The facility is expected to have a production capacity of 150,000 vehicles per annum and will employ upwards of 1,000 locals. BMW cited the region’s favorable infrastructure, qualified local labor force, and proximity to longstanding Hungarian suppliers (whose services were worth €1.4 billion to BMW in 2017) as reasons for the location’s selection. Its increased demands from its local suppliers will add jobs to its suppliers as well.
“The BMW Group’s decision to build this new plant reaffirms our perspective for global growth,” stated Harald Krüger, chairman of the board of management, in the automaker’s press release.
“After significant investments in China, Mexico, and the USA, we are now strengthening our activities in Europe to maintain a worldwide balance of production between Asia, America and our home continent. Europe is the BMW Group’s largest production location. In 2018 alone we are investing more than €1 billion in our German sites to upgrade and prepare them for electric mobility.”

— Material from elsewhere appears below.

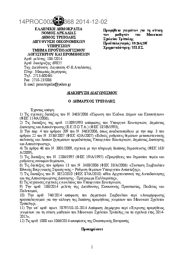 Αναζήτηση σε προκηρύξεις και συμβάσεις για:

“In the future, every BMW Group plant in Europe will be equipped to produce electrified as well as conventional vehicles,” added Oliver Zipse, board member for production.
The new plant will be equipped to handle the manufacture of both internal combustion and electric vehicles but will bake flexibility into its design and manufacture both on a single production line, Zipse explained.
“It will bring greater capacity to our worldwide production network. When production commences, the plant will set new standards in flexibility, digitalisation, and productivity,” he said.
The automaker has already declined to comment on Reuters‘s inquiry as to whether the United States’ metal tariffs influenced its decision to build the Debrecen plant. These and similar tariffs have already encouraged BMW to move production of the X3 crossover from its Spartanburg, South Carolina plant to China, where it used to export American-built X3s, a practice now ended by the tariffs.
A BMW spokesperson confirmed to The Drive in an email that the Debrecen plant will not leach any of the Spartanburg plant’s production, and that the plans to build its Hungary facility began long before the United States’ trade policies became less favorable. The company declined to comment on which vehicles could be made in Hungary but confirmed that the new Z4—planned for production by Magna-Steyr in Austria—will not see its manufacture transferred to Debrecen.
“We will now finalize all contracts, then purchase the ground and prepare it,” stated the automaker’s spokesperson to The Drive. “The construction will start the second half of 2019 and will last some years. We don’t mention a specific date.”